PROMPT:
Your answer should be the lines below from the one holding "The 2nd Open Forum Members Meet of" through the one holding "The Scholars of 2012", copied exactly and with nothing else.

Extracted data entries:
============

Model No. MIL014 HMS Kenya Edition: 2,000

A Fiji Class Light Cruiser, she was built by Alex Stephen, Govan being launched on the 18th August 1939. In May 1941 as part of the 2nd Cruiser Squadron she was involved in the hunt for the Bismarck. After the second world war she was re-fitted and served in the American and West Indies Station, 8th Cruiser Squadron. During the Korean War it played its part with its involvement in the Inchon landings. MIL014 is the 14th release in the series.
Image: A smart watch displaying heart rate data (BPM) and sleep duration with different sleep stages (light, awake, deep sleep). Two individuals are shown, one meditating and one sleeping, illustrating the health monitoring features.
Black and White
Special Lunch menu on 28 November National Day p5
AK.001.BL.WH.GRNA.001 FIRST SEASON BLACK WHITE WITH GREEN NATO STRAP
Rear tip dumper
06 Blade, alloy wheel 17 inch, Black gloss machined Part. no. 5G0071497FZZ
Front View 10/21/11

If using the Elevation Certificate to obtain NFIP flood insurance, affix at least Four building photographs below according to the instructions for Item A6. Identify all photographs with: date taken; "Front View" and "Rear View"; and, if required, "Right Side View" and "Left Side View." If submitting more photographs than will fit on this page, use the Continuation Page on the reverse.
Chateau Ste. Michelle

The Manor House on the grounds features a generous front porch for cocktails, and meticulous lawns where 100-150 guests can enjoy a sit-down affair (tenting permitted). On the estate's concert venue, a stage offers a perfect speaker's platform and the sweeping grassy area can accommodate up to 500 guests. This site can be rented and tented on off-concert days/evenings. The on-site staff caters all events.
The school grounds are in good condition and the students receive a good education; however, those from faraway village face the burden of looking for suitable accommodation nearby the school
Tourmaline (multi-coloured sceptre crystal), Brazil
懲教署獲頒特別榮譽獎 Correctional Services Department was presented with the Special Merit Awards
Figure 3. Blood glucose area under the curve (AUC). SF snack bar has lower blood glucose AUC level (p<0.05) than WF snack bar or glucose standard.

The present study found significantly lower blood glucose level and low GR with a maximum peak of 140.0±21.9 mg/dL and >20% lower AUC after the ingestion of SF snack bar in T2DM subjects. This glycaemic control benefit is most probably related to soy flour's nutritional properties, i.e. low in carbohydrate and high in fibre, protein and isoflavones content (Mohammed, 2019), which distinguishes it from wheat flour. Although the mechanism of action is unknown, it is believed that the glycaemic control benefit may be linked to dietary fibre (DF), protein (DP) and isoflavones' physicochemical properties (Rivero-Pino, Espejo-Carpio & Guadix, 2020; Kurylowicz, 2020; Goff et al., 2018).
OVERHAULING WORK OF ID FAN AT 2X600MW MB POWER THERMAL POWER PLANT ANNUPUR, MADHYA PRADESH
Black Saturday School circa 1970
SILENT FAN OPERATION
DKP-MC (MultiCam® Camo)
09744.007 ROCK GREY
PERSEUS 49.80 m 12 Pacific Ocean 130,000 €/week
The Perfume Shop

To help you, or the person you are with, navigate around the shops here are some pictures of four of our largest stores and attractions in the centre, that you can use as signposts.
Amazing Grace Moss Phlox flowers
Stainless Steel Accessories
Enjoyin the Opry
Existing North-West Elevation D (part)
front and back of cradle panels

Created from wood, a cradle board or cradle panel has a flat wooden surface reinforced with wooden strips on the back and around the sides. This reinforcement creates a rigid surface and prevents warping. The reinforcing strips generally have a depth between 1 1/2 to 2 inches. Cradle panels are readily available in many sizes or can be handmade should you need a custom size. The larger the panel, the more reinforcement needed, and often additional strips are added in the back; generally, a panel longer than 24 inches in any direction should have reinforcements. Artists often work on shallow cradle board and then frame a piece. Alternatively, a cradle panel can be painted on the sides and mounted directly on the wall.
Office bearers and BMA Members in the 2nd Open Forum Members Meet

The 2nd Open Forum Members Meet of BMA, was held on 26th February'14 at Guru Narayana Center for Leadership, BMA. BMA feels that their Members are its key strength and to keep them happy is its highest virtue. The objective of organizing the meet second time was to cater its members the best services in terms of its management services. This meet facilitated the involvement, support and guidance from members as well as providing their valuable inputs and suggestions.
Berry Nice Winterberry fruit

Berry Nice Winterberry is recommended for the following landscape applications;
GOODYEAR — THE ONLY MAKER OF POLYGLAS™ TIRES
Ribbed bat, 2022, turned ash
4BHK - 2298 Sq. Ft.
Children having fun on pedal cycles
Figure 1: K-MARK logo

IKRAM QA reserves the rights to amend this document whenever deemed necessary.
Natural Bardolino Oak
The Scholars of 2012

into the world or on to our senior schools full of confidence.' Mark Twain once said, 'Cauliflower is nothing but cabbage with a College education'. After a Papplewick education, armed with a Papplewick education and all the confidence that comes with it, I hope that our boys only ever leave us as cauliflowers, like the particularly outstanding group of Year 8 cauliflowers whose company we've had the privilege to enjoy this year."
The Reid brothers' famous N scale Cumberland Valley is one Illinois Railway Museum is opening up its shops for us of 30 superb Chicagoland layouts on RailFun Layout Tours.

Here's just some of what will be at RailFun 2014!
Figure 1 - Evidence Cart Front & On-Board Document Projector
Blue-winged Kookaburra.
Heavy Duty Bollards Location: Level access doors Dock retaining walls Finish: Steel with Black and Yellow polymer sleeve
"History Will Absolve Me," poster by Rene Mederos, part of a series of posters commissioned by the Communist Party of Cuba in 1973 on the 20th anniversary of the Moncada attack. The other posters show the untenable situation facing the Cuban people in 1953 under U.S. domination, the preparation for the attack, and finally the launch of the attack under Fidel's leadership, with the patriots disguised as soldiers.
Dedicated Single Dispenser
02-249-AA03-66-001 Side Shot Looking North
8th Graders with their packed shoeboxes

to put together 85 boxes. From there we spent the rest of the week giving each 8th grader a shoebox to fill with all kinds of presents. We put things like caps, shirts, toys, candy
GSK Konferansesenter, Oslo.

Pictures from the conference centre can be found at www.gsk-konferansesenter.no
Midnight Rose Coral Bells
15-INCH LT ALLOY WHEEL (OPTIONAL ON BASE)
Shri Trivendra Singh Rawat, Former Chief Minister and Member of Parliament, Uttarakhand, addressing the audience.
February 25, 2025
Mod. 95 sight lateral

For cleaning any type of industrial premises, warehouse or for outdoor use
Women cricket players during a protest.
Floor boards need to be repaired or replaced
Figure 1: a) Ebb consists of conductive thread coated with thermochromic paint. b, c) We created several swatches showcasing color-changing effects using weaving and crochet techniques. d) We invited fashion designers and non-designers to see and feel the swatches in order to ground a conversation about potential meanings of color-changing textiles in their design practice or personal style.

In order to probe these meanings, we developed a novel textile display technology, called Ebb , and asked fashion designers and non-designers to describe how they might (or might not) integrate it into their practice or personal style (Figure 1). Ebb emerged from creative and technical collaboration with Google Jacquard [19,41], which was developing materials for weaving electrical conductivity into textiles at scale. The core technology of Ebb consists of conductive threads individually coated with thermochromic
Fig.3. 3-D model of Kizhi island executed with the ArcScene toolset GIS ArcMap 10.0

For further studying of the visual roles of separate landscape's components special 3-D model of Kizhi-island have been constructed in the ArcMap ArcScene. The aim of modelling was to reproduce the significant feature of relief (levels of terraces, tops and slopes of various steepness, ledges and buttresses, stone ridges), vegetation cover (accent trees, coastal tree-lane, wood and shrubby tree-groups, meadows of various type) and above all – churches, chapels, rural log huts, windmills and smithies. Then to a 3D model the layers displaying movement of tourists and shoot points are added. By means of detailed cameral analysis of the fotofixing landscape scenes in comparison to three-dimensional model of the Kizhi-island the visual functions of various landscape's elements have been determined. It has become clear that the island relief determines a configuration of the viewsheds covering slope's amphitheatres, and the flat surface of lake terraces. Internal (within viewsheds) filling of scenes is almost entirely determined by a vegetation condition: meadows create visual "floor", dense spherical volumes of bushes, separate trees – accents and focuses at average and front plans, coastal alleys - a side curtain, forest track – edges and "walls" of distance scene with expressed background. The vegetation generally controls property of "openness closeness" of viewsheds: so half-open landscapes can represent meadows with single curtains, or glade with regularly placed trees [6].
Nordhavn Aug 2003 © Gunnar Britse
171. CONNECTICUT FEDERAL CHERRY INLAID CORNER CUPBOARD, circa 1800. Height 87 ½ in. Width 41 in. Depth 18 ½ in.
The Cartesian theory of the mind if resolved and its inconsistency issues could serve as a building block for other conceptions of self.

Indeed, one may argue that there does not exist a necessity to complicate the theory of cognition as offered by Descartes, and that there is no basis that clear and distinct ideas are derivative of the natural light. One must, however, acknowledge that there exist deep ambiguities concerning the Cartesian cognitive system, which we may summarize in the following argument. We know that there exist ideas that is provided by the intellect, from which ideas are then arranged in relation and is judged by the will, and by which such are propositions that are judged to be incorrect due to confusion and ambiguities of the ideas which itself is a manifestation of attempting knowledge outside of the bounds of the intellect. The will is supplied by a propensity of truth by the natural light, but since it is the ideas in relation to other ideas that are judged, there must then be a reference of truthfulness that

============

OUTPUT BELOW:
The 2nd Open Forum Members Meet of BMA, was held on 26th February'14 at Guru Narayana Center for Leadership, BMA. BMA feels that their Members are its key strength and to keep them happy is its highest virtue. The objective of organizing the meet second time was to cater its members the best services in terms of its management services. This meet facilitated the involvement, support and guidance from members as well as providing their valuable inputs and suggestions.
Berry Nice Winterberry fruit

Berry Nice Winterberry is recommended for the following landscape applications;
GOODYEAR — THE ONLY MAKER OF POLYGLAS™ TIRES
Ribbed bat, 2022, turned ash
4BHK - 2298 Sq. Ft.
Children having fun on pedal cycles
Figure 1: K-MARK logo

IKRAM QA reserves the rights to amend this document whenever deemed necessary.
Natural Bardolino Oak
The Scholars of 2012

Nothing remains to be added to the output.